All this was done at 7am this morning hehe as Millie wa sactually getting to scared to go int he garden to pee! we found about 7 toys hidden in the 'forest'!


----------



## Guest (Jul 2, 2011)

Milliepoochie said:


> You wouldnt say that if you saw it this morning!!  It hadnt been cut in about 9 weeks and was knee height and reverting back to forest!
> 
> OH had to strim in with and industrial strimmer and cut it 3 times to shorter lengths each time before mowing it as short as he could! (He is hoping he wont have to mow it again as we are moving in 8 weeks!)
> 
> All this was done at 7am this morning hehe as Millie wa sactually getting to scared to go int he garden to pee! we found about 7 toys hidden in the 'forest'!


LMAO! I realised mine was in need of cutting when Bumble went out in it and vanished :lol: xxxxxx


----------



## tashax (Jun 25, 2011)

You have a very beautiful dog


----------



## simplysardonic (Sep 1, 2009)

Eroswoof said:


> LMAO! I realised mine was in need of cutting when Bumble went out in it and vanished :lol: xxxxxx


When _Bumble_ vanished
Our 'lawn' makes all 3 of ours vanish, & they're only ever so slighly taller than Bumble- NOT!
On the plus side, we've had some lovely butterflies & other wildlife this year, they probably won't like it when we eventually cut it


----------



## Milliepoochie (Feb 13, 2011)

Eroswoof said:


> LMAO! I realised mine was in need of cutting when Bumble went out in it and vanished :lol: xxxxxx


Brave Bumby!

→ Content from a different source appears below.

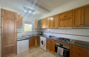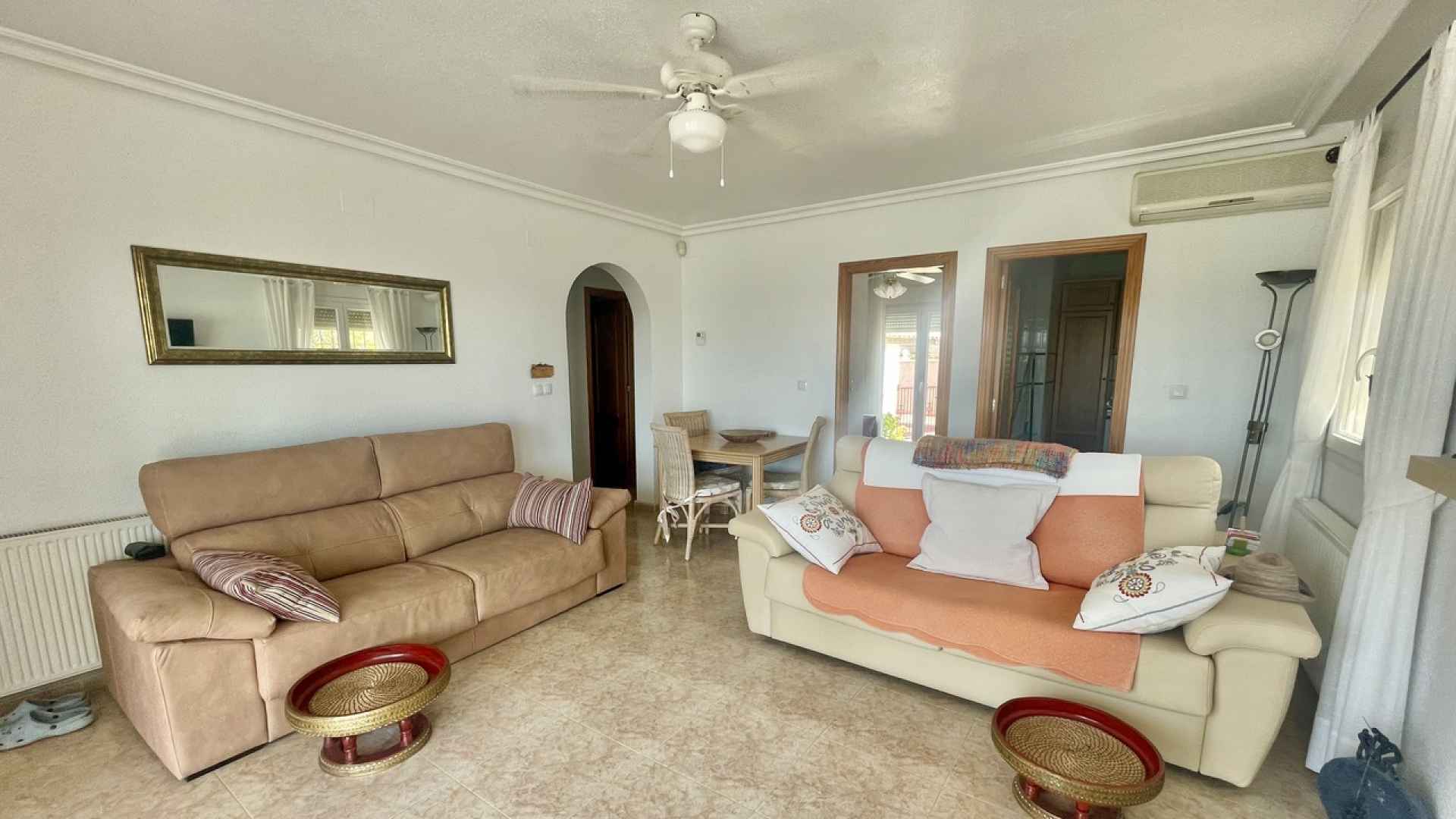 Inside, the property offers generous living space filled with natural light and all ideally set out over one level. Upon entering from the front raised sun terrace, you are welcomed into a spacious living room with large bi-fold doors, bringing the outside indoors. The separate, fully equipped fitted kitchen provides ample space for cooking and entertaining. The villa boasts three well-proportioned bedrooms, including a master suite with en-suite bathroom, a second large double bedroom, plus a third bedroom overlooking the garden, which would be deal as a guest room or office. There is also a large family bathroom.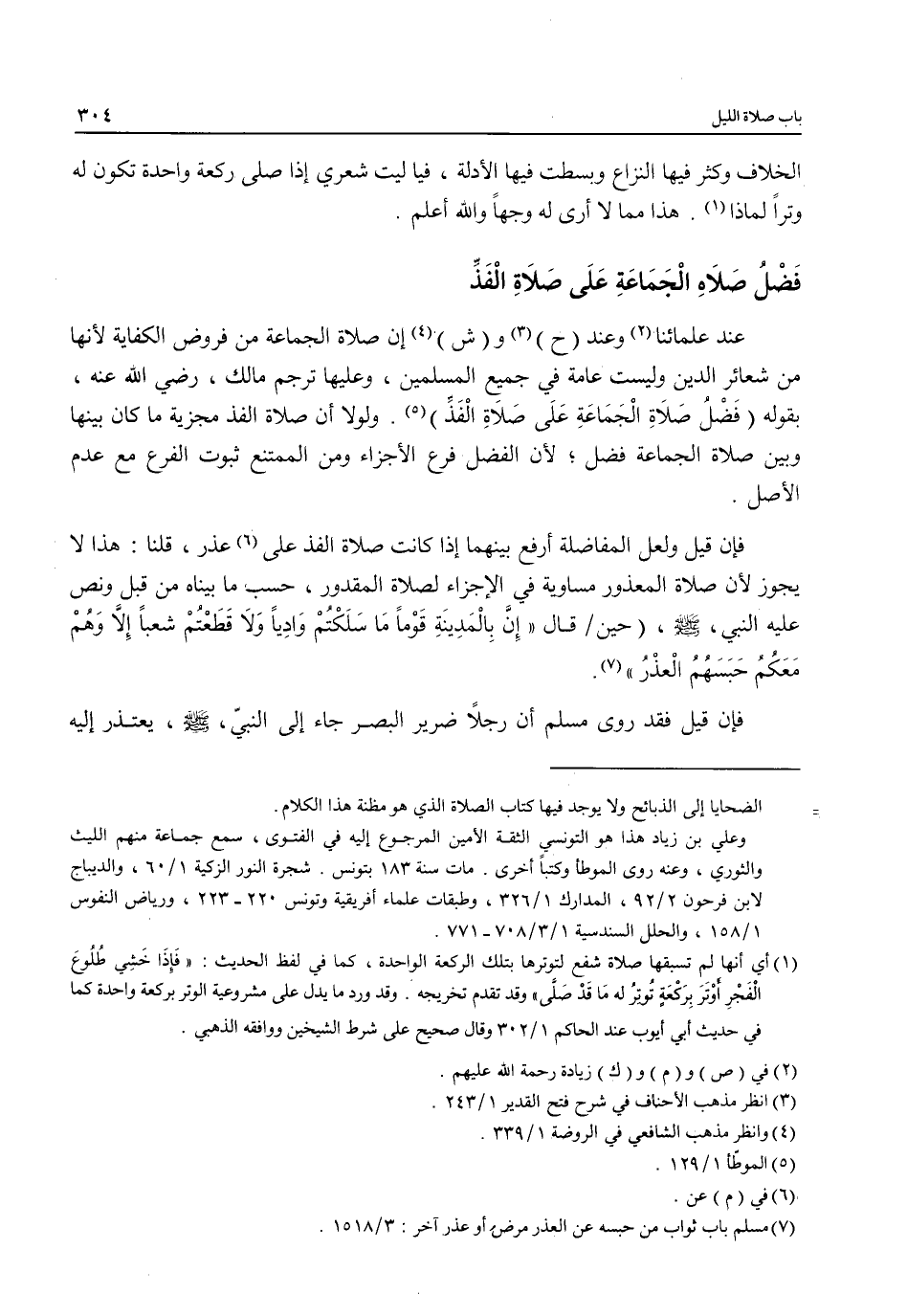 = الضحايا إلى الذبائح ولا يوجد فيها كتاب الصلاة الذي هو مظنة هذا الكلام. وعلي بن زياد هذا هو التونسي الثقة الأمين المرجوع إليه في الفتوى، سمع جماعة منهم الليث والثوري، وعنه روى الموطأ وكتبًا أخرى. مات سة 183 بتونس. شجرة النور الزكية 1/ 60، والديباج لابن فرحون 2/ 92، المدارك 1/ 326، وطبقات علماء أفريقية وتونس 220 - 223، ورياض النفوس 1/ 158، والحلل السندسية 1/ 3/ 708 - 771.

Millie ave me evils every night I expected her to wee out there and walked around the longer tuff's! :blush:


----------



## Guest (Jul 2, 2011)

simplysardonic said:


> When _Bumble_ vanished
> Our 'lawn' makes all 3 of ours vanish, & they're only ever so slighly taller than Bumble- NOT!
> On the plus side, we've had some lovely butterflies & other wildlife this year, they probably won't like it when we eventually cut it


LOL! When I finally cut it it was full of spiders and they all ran into the middle like field mice do :blink:



Milliepoochie said:


> Brave Bumby! Millie ave me evils every night I expected her to wee out there and walked around the longer tuff's! :blush:


:lol: :lol: I'd love to have seen her face xxxxxxx


----------



## portiaa (Dec 10, 2010)

Gorgeous photos! :001_wub:


----------



## sailor (Feb 5, 2010)

Lovely photos, Millie is just soo adorable 

As for grass LOL I have a meadow where my garden should be 
sailor disapears... we have to look for his tail :blink:


----------



## Pheonix*Ella (Apr 25, 2011)

Wow, she's really gorgeous! Lovely, lovely dog


----------



## victoriaaa (Jun 8, 2011)

Least you lot have long grass hmy: i have 20% grass, 20% wee'd on grass and 60% mud at the moment. You wouldnt think this time last year i had a brand new beautiful lawn. :laugh:


----------